Hypothesis testing works by collecting data and measuring how likely the particular set of data is, assuming the null hypothesis is true, when the study is on a random representative sample. The null hypothesis assumes no relationship between variables in the population from which the sample is selected. If the data-set of a random representative sample is very unlikely relative to the null hypothesis, defined as being part of a class of sets of data that only rarely will be observed, the experimenter rejects the null hypothesis concluding it (probably) is false. This class of data-sets is usually specified via a test statistic which is designed to measure the extent of apparent departure from the null hypothesis. The procedure works by assessing whether the observed departure measured by the test statistic is larger than a value defined so that the probability of occurrence of a more extreme value is small under the null hypothesis (usually in less than either 5% or 1% of similar data-sets in which the null hypothesis does hold). If the data do not contradict the null hypothesis, then only a weak conclusion can be made; namely that the observed data set provides no strong evidence against the null hypothesis. As the null hypothesis could be true or false, in this case, in some contexts this is interpreted as meaning that the data give insufficient evidence to make any conclusion, on others it means that there is no evidence to support changing from a currently useful regime to a different one.

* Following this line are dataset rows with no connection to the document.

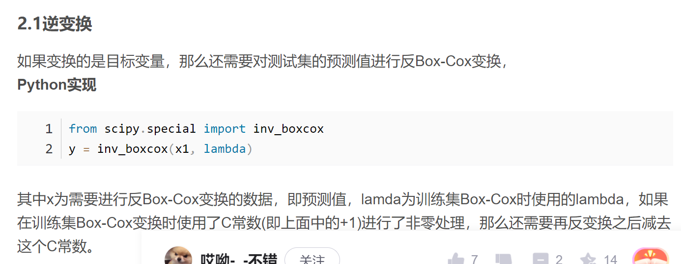 1 from scipy.special import inv_boxcox 2 y = inv_boxcox(x1, lambda)
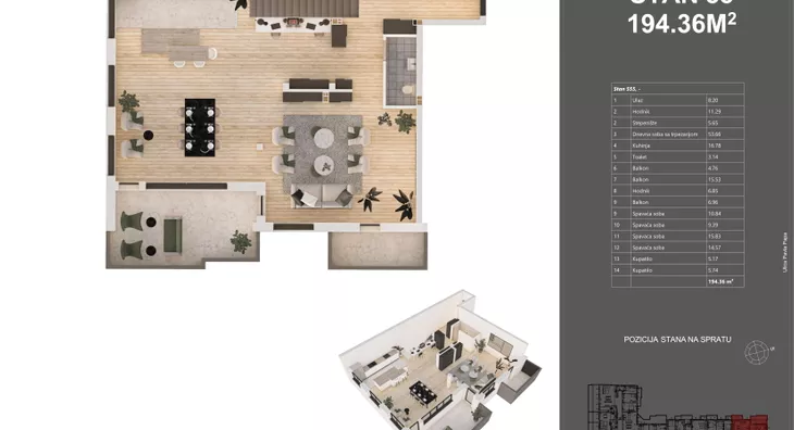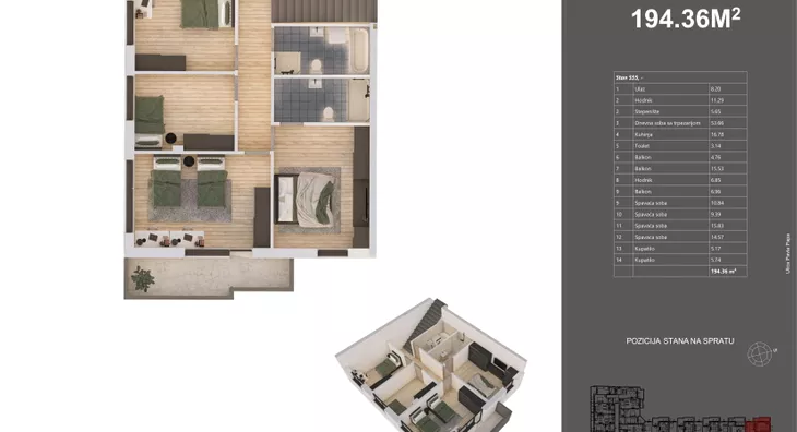 Petosoban stan na prodaju, Novogradnja, Rotkvarija, 194.36m²
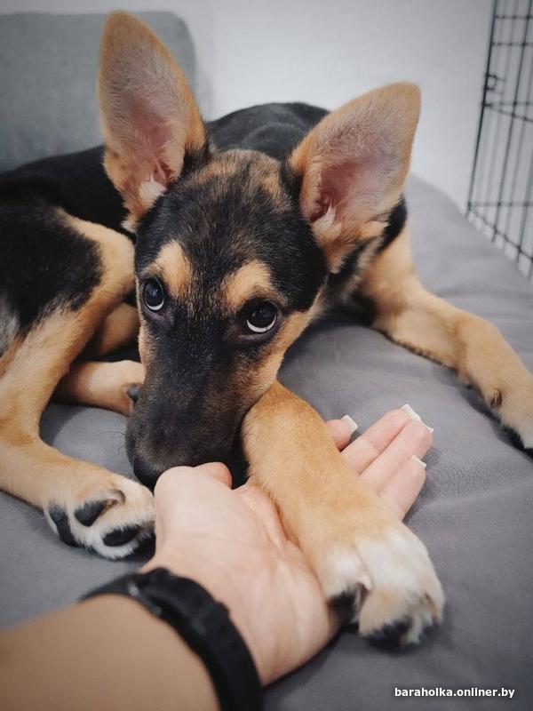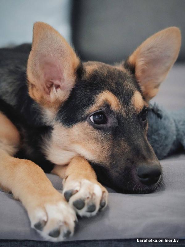 Спасённый щенок Малыш (4.5 мес, привит, метис овчарки) ищет дом. Когда вырастет, будет по размеру ближе к средней собаке, примерно 18–23 кг.
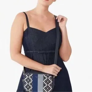 NWT! New! Kate Spade Spade Flower Jacquard Everything Mini Camera Bag Blue Multi
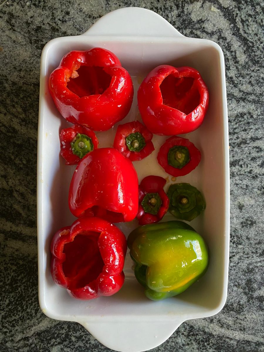 - In a bowl, massage the peppers evenly in olive oil. Set on the sheet pan to roast for twenty minutes.
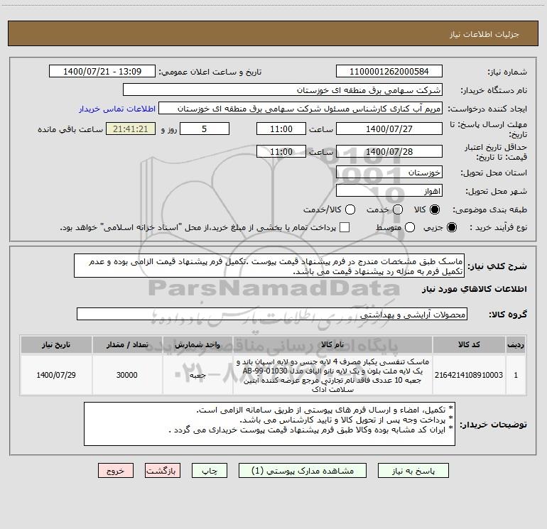 شرح کلی نیاز: ماسک طبق مشخصات مندرج در فرم پیشنهاد قیمت پیوست .تکمیل فرم پیشنهاد قیمت الزامی بوده و عدم تکمیل فرم به منزله رد پیشنهاد قیمت می باشد.
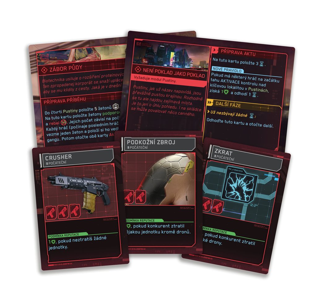 Rozšíření Rodiny a psanci pro hru Cyberpunk 2077 přidává k hrací desce nový okrsek (Pustiny), jeden zbrusu nový příběh a dva další gangy (Aldecaldos a Wraiths). Navyšuje navíc počet hráčů na pět.
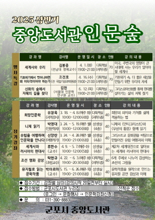 중앙도서관장은 “중앙도서관 인문숲이 군포시를 대표하는 인문학 프로그램으로 자리매김해 시민들이 인문학을 통해 서로를 깊이 이해하여 삶의 지혜를 얻게 되길 바란다”라고 말했다.
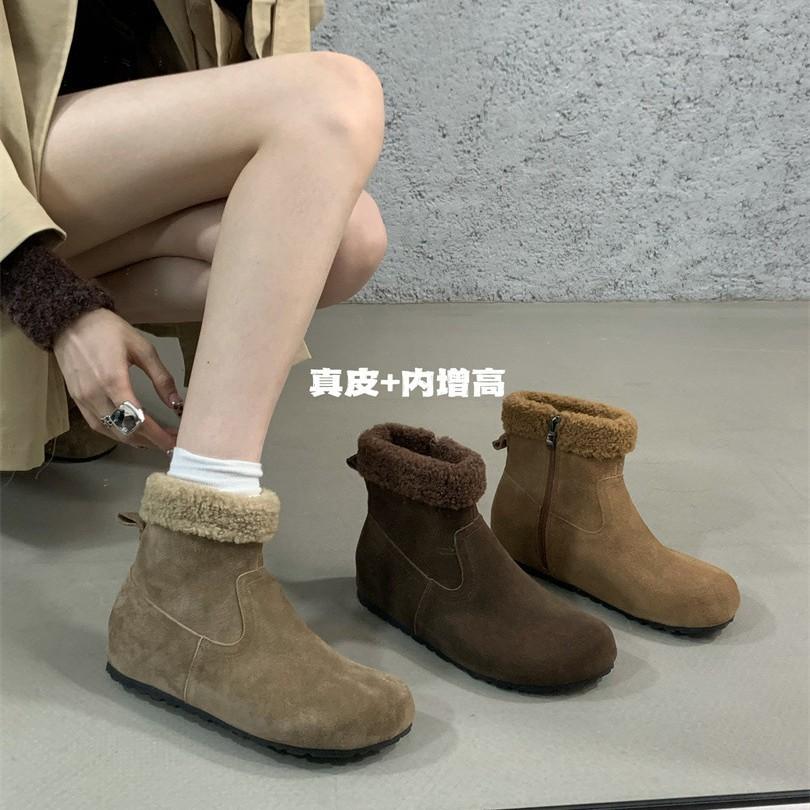 French snow boots women's 2025 new lamb wool plush warm short boots inner height-increasing fluffy boots

For instance, a certain drug may reduce the chance of having a heart attack. Possible null hypotheses are "this drug does not reduce the chances of having a heart attack" or "this drug has no effect on the chances of having a heart attack". The test of the hypothesis consists of administering the drug to half of the people in a study group as a controlled experiment. If the data show a statistically significant change in the people receiving the drug, the null hypothesis is rejected.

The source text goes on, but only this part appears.